Non posso riassumere qui tutti i suggerimenti e le idee che Ries & Trout offre per trovare un buon "nome" per la tua azienda, né posso offrirti qui il grande contributo
che un Markettaro esperto e un Art Director di talento possono portare all'identificazione e alla creazione di un marchio memorabile.
Quello che posso fare è darti un "indicatore" per testare il tuo marchio e vedere se rientra in 4 possibili categorie.
Ognuna di queste categorie rappresenta un livello di quota di mercato e, anche se non posso dire che siano sempre applicabili, hanno dimostrato nel tempo di fare un buon lavoro.
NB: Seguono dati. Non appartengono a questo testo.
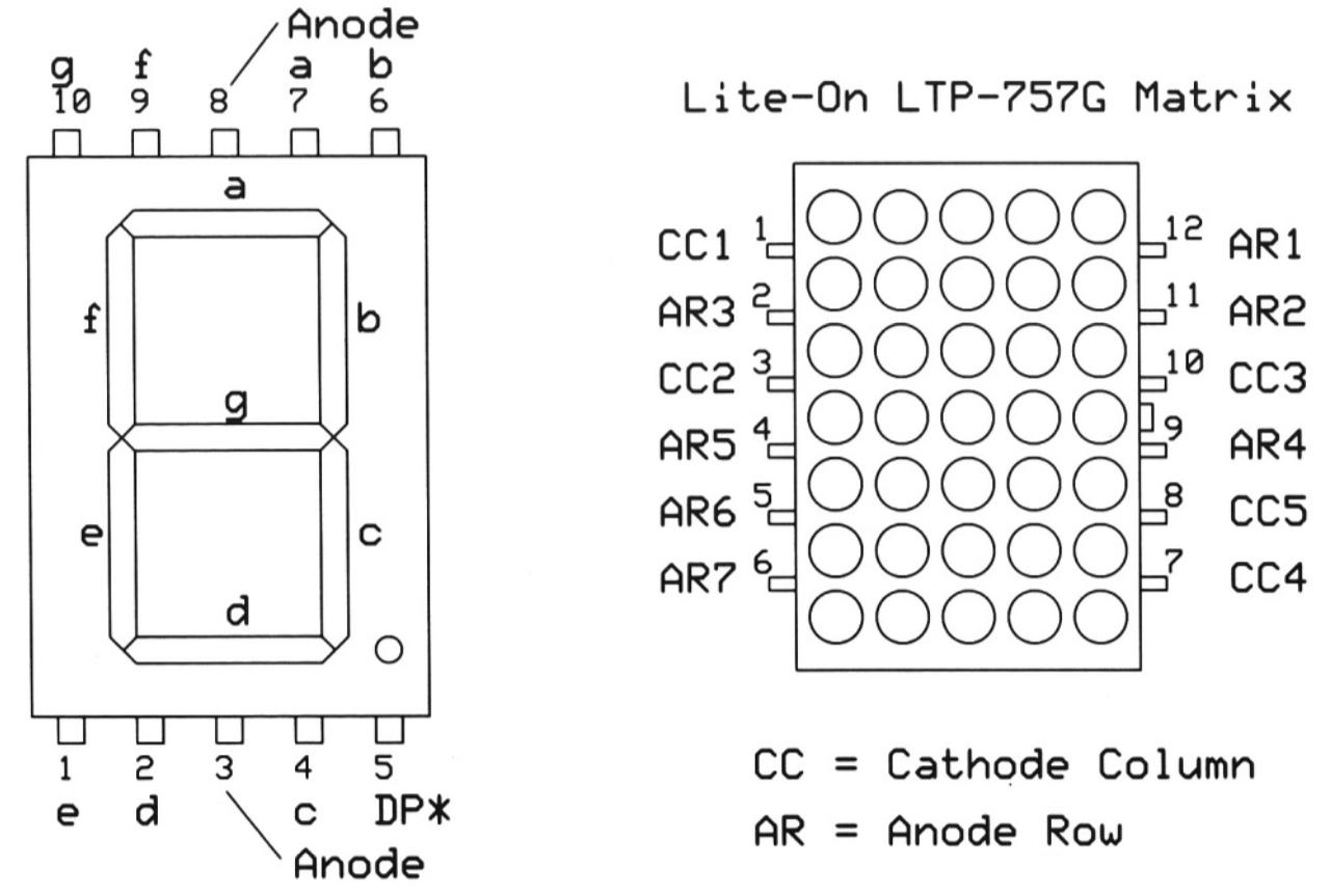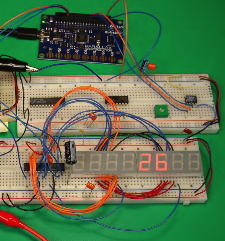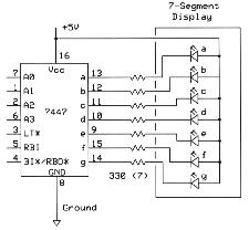 このあたりのディジタル技術の進展は1970年代のものである。 僕が大学を卒業して新入社員としてここらの勉強をしていた1980年代前半には、このようなICが活躍していたものの、1980年代から登場したマイクロコントローラ(MCU)によって、テキストの次章で紹介するように、この「4ビット2進数の入力」→「7セグメントのLED表示」は全てMCUのソフトウェアが行うようになった。 一時は一世を風靡した7447も、その後は完全に消えた。 ちなみに僕はめったに「7セグメントLED」を使うことがなかったが、実験室の部品棚にはジャンクで仕入れた正体不明(メーカも型番も不明)の大型7セグメントLEDがいくつもあったらしく、調べてみたら応用例として以下の2件が出てきたので紹介しておこう。
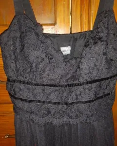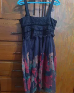 Vestido de tirantes con encaje. Bonito vestido, con encaje en la parte superior, en buenas condiciones talla 8 americana. Presenta las siguientes medidas 45 cm de axila a axila 94 cm de largo. Con zipper lateral
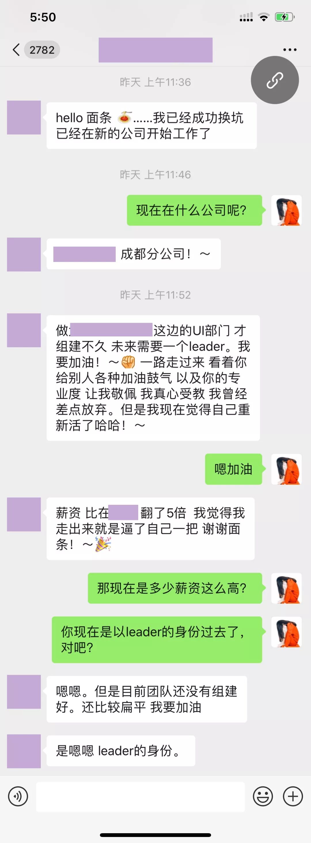 意外的是,她最后还是顺利拿到了那家在业内还算比较大的公司的offer,而且薪资涨了近一倍,于是才有了那天她高兴地跑来跟我报喜的聊天内容。
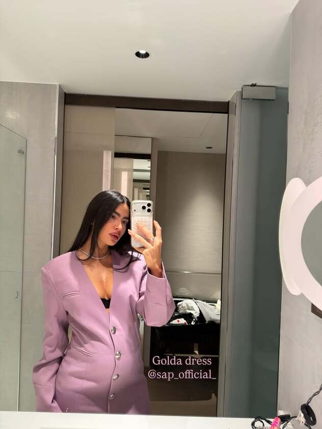 ואולי היציאה הצבעונית והמפתיעה ביותר של הנסיעה הייתה שמלת ז'קט בצבע סגלגל מהמותג שלה: דגם מיני שנלבש עם גרביונים שחורים, נעלי עקב גבוהות וחזייה סקסית שבצבצה בעדינות מלמטה. מדריד אולי קפואה – אבל ספיר בהחלט דאגה לחמם את האווירה.
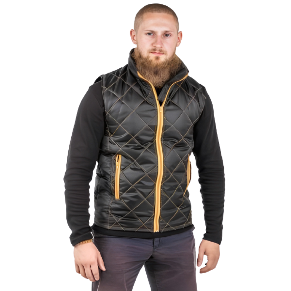 Жилет утепленный на молнии с двумя карманами по бокам на молнии, прорезные с втачной листочкой. Стеганная ромбами. Модель универсальная. Молния витая, подкладка Таффета 190т, воротник стойка. Подкладка Таффета 190т, основная ткань Дюспо, синтепон 200г/м2
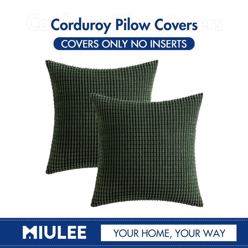 MIULEE Pack of 2 Pillow Covers 18 x 18 Inch Dark Green Super Soft Corduroy Decorative Throw Pillows Couch Home Decor for Spring Cushion Sofa Bedroom Living Room
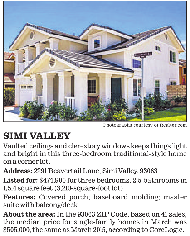 Photographs courtesy of Realtor.com SIMI VALLEY Vaulted ceilings and clerestory windows keeps things light and bright in this three-bedroom traditional-style home on a corner lot. Address: 2291 Beavertail Lane, Simi Valley, 93063 Listed for: $474,900 for three bedrooms, 2.5 bathrooms in 1,514 square feet (3,210-square-foot lot) Features: Covered porch; baseboard molding; master suite with balcony/deck About the area: In the 93063 ZIP Code, based on 41 sales, the median price for single-family homes in March was $505,000, the same as March 2015, according to CoreLogic.
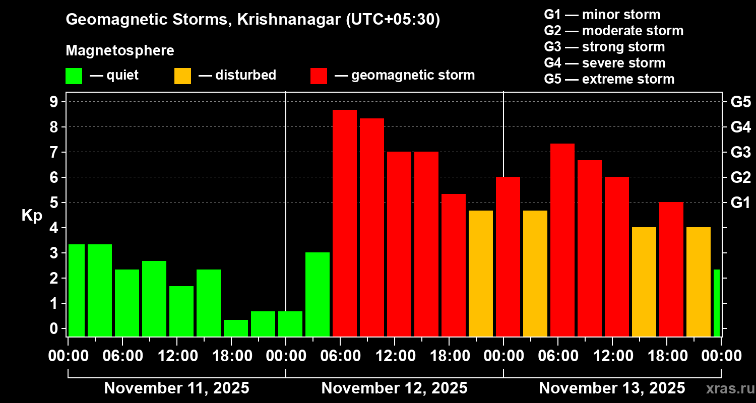 Geomagnetic storms in Krishnanagar in November 2025
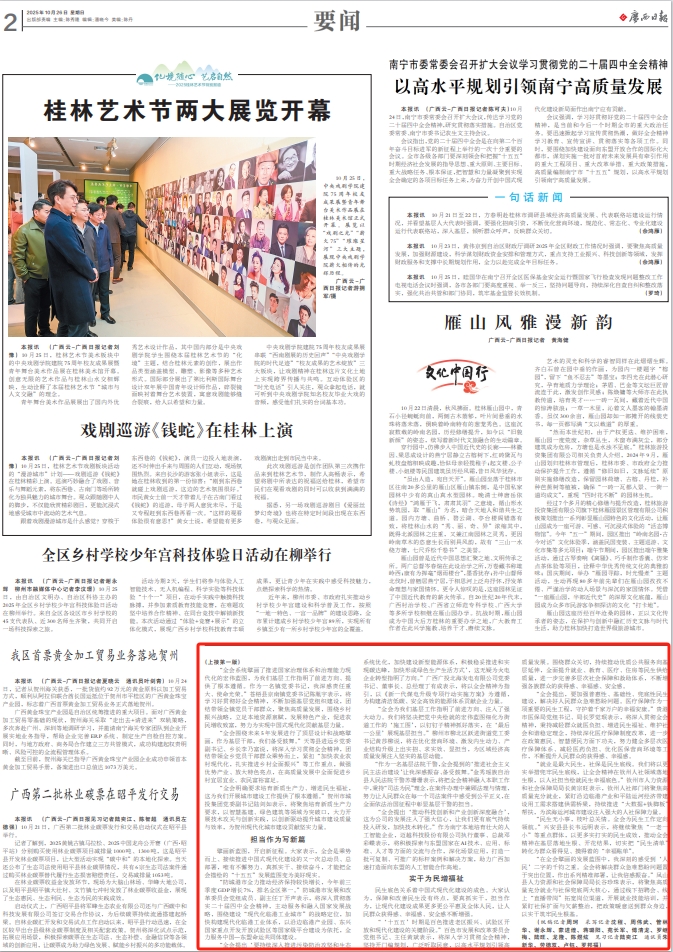 (统稿记者 周珂 采写记者 沈程 周伟武 管林华 谢永辉 蒙进煌 蒋璐阳 苑长军 傅清龙 罗继梅 陆旺 龙隆 陈煜炫 见习记者 陆奕江 通讯员 朱新华 劳德双 卢钰 罗邦福)

Alcuni prodotti sono la soluzione standard al problema di un cliente. La maggior parte delle volte la loro azienda ha inventato o sperimentato la soluzione, sfruttando il vantaggio della prima mossa per creare prima, e poi dominare, un mercato. Pensa alla azienda automobilistica FORD e al suo "modello T monocolore"; o a MICROSOFT e alla scelta di essere una "architettura aperta", e come ciò abbia influito sulla loro quota di mercato.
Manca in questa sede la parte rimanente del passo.